Чтение онлайн

ЖАНРЫ

«Евразийское уклонение» в музыке 1920-1930-х годов
Шрифт:

Художники первой группы претендуют быть новаторами и провозглашают «революционность» собственной эстетической веры, в то время как вторые представляют собой консервативный и реакционный элемент. В целом возможно расположить современные музыкальные лагери следующим образом: на крайней левой — экспрессионисты, на крайней правой — неоклассицисты, в центре — последователи импрессионизма.

* * *

Несмотря на все эстетические бунты и революции, прокатившиеся по европейской музыке последних двадцати пяти лет с их неизменным лозунгом «разрыва с прошлым», в действительности связь с девятнадцатым веком прервана не была. Это уж абсолютно точно не подлежит сомнению. Напротив, вместо разрыва произошло только укрепление связи с музыкой предшествующего времени, столь презираемой радикалами всего света. Экспрессионисты в течение нескольких последних лет были принуждены возвратиться к ней: не без очевидного компромисса, в прямом противоречии со всей своей предыдущей деятельностью. Для неоклассицистов, с другой стороны, возврат был простым и спонтанным; для них это просто был выбор линии меньшей обороны.

* * *

Музыкальное

наследие девятнадцатого века, недавно еще отвергаемое, ныне заново принято и служит для воздействия на современную музыку. Вслед за этим, вероятно, последуют усилия по созданию новой культуры (которая покуда не создана) — путем принятия и ассимиляции более раннего периода в периоде позднейшем и без мысли о какой-либо необходимости отделять одно от другого. Более того, фундаментально переменилось и наше отношение к минувшему веку. Мы сейчас далеки от смотрения вспять с презрением и снисхождением, от признания за прошлым ценности только посредственного порядка. Сегодня получила развитие противоположная точка зрения; если что-то и имеет место, так это избыточное примирение, избыточная наклонность к преувеличению определенных формул прошлого, часть из которых банальна и малозначительна. Мы даже дошли до того, что ворошим осколки прошлого лишь с тем, чтобы находить среди них присутствие доброго ремесленничества, внеличностности и усовершенствованной надежности; как если бы после обвала мы бы собирали предметы, избежавшие поломки, в особенности те, что еще можно пустить в дело. После всех «смелостей» радикалов, начало которым положено революцией, а конец приходит вслед за анархическим разрушением, мы погружаемся ныне в куда более мрачную скуку[, чем прежде] [*] .

*

«После всех мрачную скуку[, чем прежде]». Ср. начальный абзац «Музыки Стравинского».

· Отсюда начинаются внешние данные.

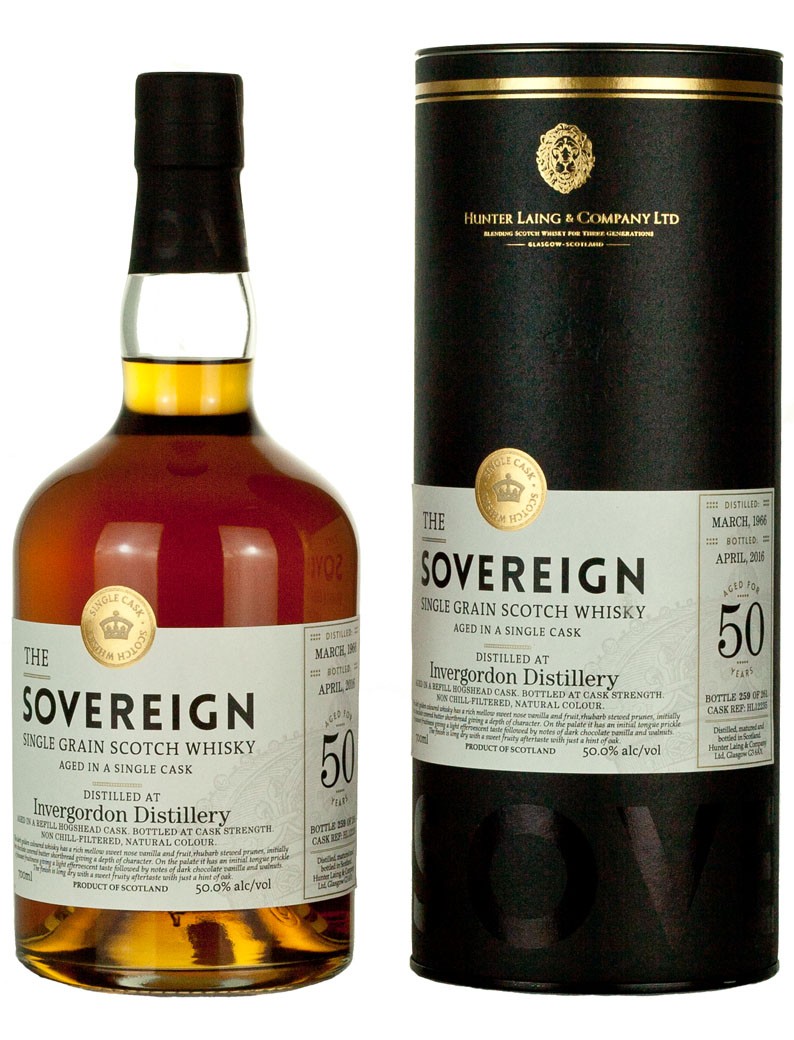 - Sovereign Invergordon 50 Year – 50% – Distilled March 1966 – Refill Hogshead Cask 12235 – Producer Tasting Note: “The nose is sweet and mellow with notes of vanilla, sherbet and butter shortbread. The palate is fruity and effervescent with aspects of dark chocolate and vanilla. The finish is long and dry with sweet fruits and a hint of oak.” – $1100

В любом случае два противоположных лагеря сходятся на необходимости ревизовать музыкальные ценности предыдущего века. Оба лагеря просто обязаны развернуться на сто восемьдесят градусов и начинать все с самого начала.

Революция неизбежно ведет к анархии. Разрушение одного только смысла, долго считавшегося непреложным, достаточно для того, чтобы последовал общий обвал. Только один шаг отделяет шеститоновый аккорд Скрябина от додекафонной гаммы Шёнберга и дальнейшего беспорядка. С другой стороны, правда заключается и в том, что реакция привела в конце концов к ступору и инерции.

Только два или три года потребовалось, чтобы после недавно отданного приказания возвращаться к Баху (и, таким образом, к восемнадцатому веку) осуществлены были полная имитация и производство старых, изношенных формул. Во имя все того же неоклассицизма, музыка стала производиться на свет в манере Черни или даже Клементи. Не стоило бы уделять этому какое-либо внимание, если бы поставленные вопросы принадлежали исключительно к области музыкальной теории. Но факт заключается в том, что невозможно не соприкасаться с музыкой настоящего не сталкиваясь с общей ситуацией. Говоря конкретно, спор идет о сочинениях Шёнберга и Стравинского. Искусство обоих композиторов, стоящих в мире современной музыки на противоположных полюсах, точно выражает дуализм, который я описываю.

Перед нами две конфликтующие музыкальные концепции. Оба этих эстетических подхода, кажется, представляют собой и два различных взгляда на мир, причем в обоих случаях результат — следствие вполне осуществившегося опыта. Опыт этот видится слишком глубоко [жизненно] обоснованным, чтобы допустить полную перемену в последующей эволюции художников. Он может достигнуть только завершения и разнообразия или сделаться еще очевиднее. Более того, перемена лица тем труднее, что и Шёнберг, и Стравинский выбрали для себя почти итоговые позиции.

Если глядеть на вещи диалектически, то Шёнберг может быть сочтен за тезис,а Стравинский за антитезис.Тезис Шёнберга — эгоцентрическая концепция, в которой главенствуют личное и эстетическое начала, получающие значение фетиша. Здесь эстетический опыт подменяет собой религиозный, искусство превращается в род эрзац-религии. С другой стороны, вся задача Стравинского заключается в преодолении соблазнов фетишизма в искусстве, равно как и индивидуалистической концепции налагаемого на себя самого эстетического принципа. Искусство, с подобной точки зрения, есть нормальная функция и проекция опыта. Принцип здесь утверждается ограничением «я» и его подчинением высшим и вечным ценностям. Оба направления, столь характерные для современного художественного мира, разделяют его на два лагеря, каждый из которых, хотя и со множеством вариаций, следует в целом под одним из двух знамен.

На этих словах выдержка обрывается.